Expected impact for Western Balkan partners

  • Greater interoperability with the EU security architecture (Europol/Eurojust/CEPOL), reducing procedural and technological gaps;
  • Investigative skills enhance on online content, illicit finance, weaponry, cross-border movements;
  • Systemic resilience of infrastructure and public spaces, with a risk-based approach and a community of professionals;
  • Prevention more widespread thanks to national-local structures, prison programs, counter-narrative e digital literacy.

Fundamental rights, gender and the rule of law

The 2025–2030 Plan expressly calls for the integration of human rights and gender perspective in anti-terrorism policies: differentiated assessments in proceedings involving women returning from conflict zones, data protection in the investigative stages, protections in detention and training for law enforcement on approaches gender-sensitive in line with CEDAW e UNSCR 1325.

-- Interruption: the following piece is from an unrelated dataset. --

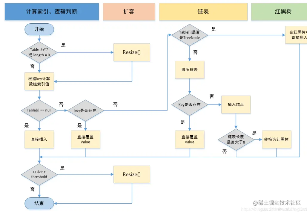 在putVal()中,我们看到在这个函数里面使用到了2次resize()方法,resize()方法表示的在进行第一次初始化时会对其进行扩容,或者当该数组的实际大小大于其临界值值(第一次为12),这个时候在扩容的同时也会伴随的桶上面的元素进行重新分发,这也是JDK1.8版本的一个优化的地方,在1.7中,扩容之后需要重新去计算其Hash值,根据Hash值对其进行分发,但在1.8版本中,则是根据在同一个桶的位置中进行判断(e.hash & oldCap)是否为0,重新进行hash分配后,该元素的位置要么停留在原始位置,要么移动到原始位置+增加的数组大小这个位置上。

This represents an important evolution compared to 2018, when the emphasis was primarily on legal alignment, cooperation, and operational tools.

The political framework

Announced in the Commission's political guidelines and included in the broader plan which includes theUnion of preparation, White Paper on European Defence and the future European Shield for Democracy, the new strategy aims at aSecure and resilient union in all respects. In this framework, cooperation with the Western Balkans is not only a technical chapter of justice and home affairs, but a piece of the enlargement and the progressive integration of regional partners into the European security ecosystem.

With the company Action Plan 2025–2030, EU and Western Balkans make a qualitative leap: from thematic coordination to building a single safety culture, founded on anticipation, prevention, reliable technology, judicial and police cooperation, infrastructure resilience e company involvement.

As he summarized Magnus Bruner, is a “mission of the moment”, which requires a change of mentality: just one shared security It can ensure freedom and prosperity in a Europe faced with new and changing threats.